Low-interest loans can help you save money when you use it to consolidate debts. This is more evident when you are consolidating high-interest credit card debts. With personal loans having an interest rate range of 5% to 36%, you need to aim for the lowest interest rate possible so you can maximize the savings that you can get as you pay off your debts. The lower the interest, the less you have to pay.
Of course, that is easier said than done. You cannot demand to get the lowest rate when you borrow personal loans. You need to make sure that you qualify for it so that the lender will view you as a low-risk borrower. That means there is a high chance that you will complete your loan payments. This will prompt them to give you a lower interest rate.
Tips to get low-interest loans to consolidate debts
So how can you get approved to get low-interest loans? There are a couple of tips that you can follow to make this possible.
Know your options
This is important. There are lenders that usually offer a lower interest rate compared to others. This is why you need to do your research.
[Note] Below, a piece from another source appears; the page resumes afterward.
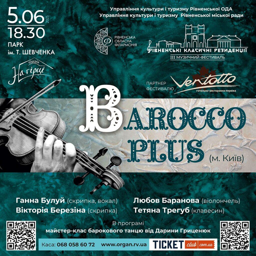 BAROCCOPLUS об’єднує відомих українських виконавиць: Ганну Булуй (скрипка, клавесин, вокал), Вікторію Березіну (скрипка), Любов Баранову (віолончель) та Тетяну Трегуб (клавесин, блокфлейта). Програма включатиме твори композиторів раннього бароко — Клаудіо Монтеверді, Тарквініо Мерули, Генрі Персела, Міхаеля Преторіуса, Антоніо Вівальді та Антоніо Кальдари.

Go online and look at your options. If you are given a pre-approval, use that as your reference and do more research. Make sure you consider at least three lenders before you make a decision.
Have a good credit score
While this will not be the only reason why you will be given a low-interest rate on the loan, it is one of the primary reasons. According to reports, a credit score is “fair” if it is between the low and mid 600’s. At least, this is for the FICO score. The higher the credit score, the higher the chances that you will be given a lower rate.
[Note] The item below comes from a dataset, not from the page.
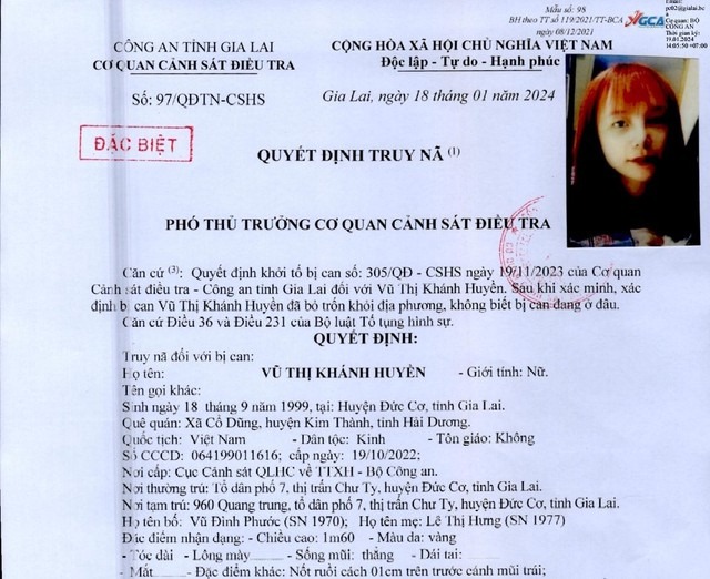Cơ quan CSĐT Công an tỉnh Gia Lai truy nã đặc biệt Vũ Thị Khánh Huyền về hành vi “mua bán người”.

Improve your debt-to-income ratio
This means you need to either have a lower credit balance or a higher income. Lenders look at this ratio to determine your ability to pay back the loan. If your debt is a lot lower than your income, they will know that you have more extra money to back them back.
Use a collateral
Another option to get the low-interest loans is to use collateral to borrow a secured loan. The collateral will give the lender a sense of security. In case you fail to pay them back, they can seize the collateral as payment. It will also ensure that you will be more motivated to complete your loan payments.
Get a co-signer
Another option is to get a co-signer to borrow the loan with you. Of course, that co-signer should have a great credit score. If you do not have one, the co-signer will increase the chances that you will be approved to get low-interest loans. Your co-signer will also be equally responsible for the loan. If you fail to pay it back, the lender can come after them. This is why some people hesitate in becoming a co-signer – no matter how close your relationship is.
Sign up for discounts
Some lenders offer a lot of options for you to get a lower interest rate. For instance, if you agree to an autopay setup, that can result in an interest rate discount. The autopay will ensure that they will be paid even if you forget a due date.
There are other things that you can do – like asking them to waive the origination fee. While this is not part of the interest rate, it will help lower the cost of borrowing the whole loan.
If you can effectively lower the interest rate on the loan that you will borrow, this can really be a welcome relief for those wanting to consolidate high-interest credit cards.
How to use low-interest loans wisely
Once you get approval for low-interest loans, that is not the end of your efforts. You have to remember that you are still in debt and you still owe the same amount of money. Only the interest will be lower. But in terms of the monthly payments and your debts, it is still there. You still have to go through long months of paying off your debts.
Here are important reminders that will help you use low-interest loans wisely.
Borrow only what you need
Start by borrowing only what you need. If you borrow more than what you need to consolidate, you will only increase the balance that you owe. The more debt that you have, the longer it will take for you to achieve debt freedom.
Include it in the budget plan
Once you have consolidated your debts, you will probably have a new monthly payment. Make sure this is aligned with your budget. You have to get used to using your budget plan – especially when you are in the midst of a debt consolidation program. This plan will ensure that your monthly payments are funded.
Stick to your monthly payments
Finally, you should also make sure that you can stick to your monthly payments. The danger in debt consolidation is the fact that you might feel a false sense of debt freedom. Even if you paid off your original debts, you still have the same amount of debt. You still have to start paying it back. So do not falter in your payments to avoid penalty charges.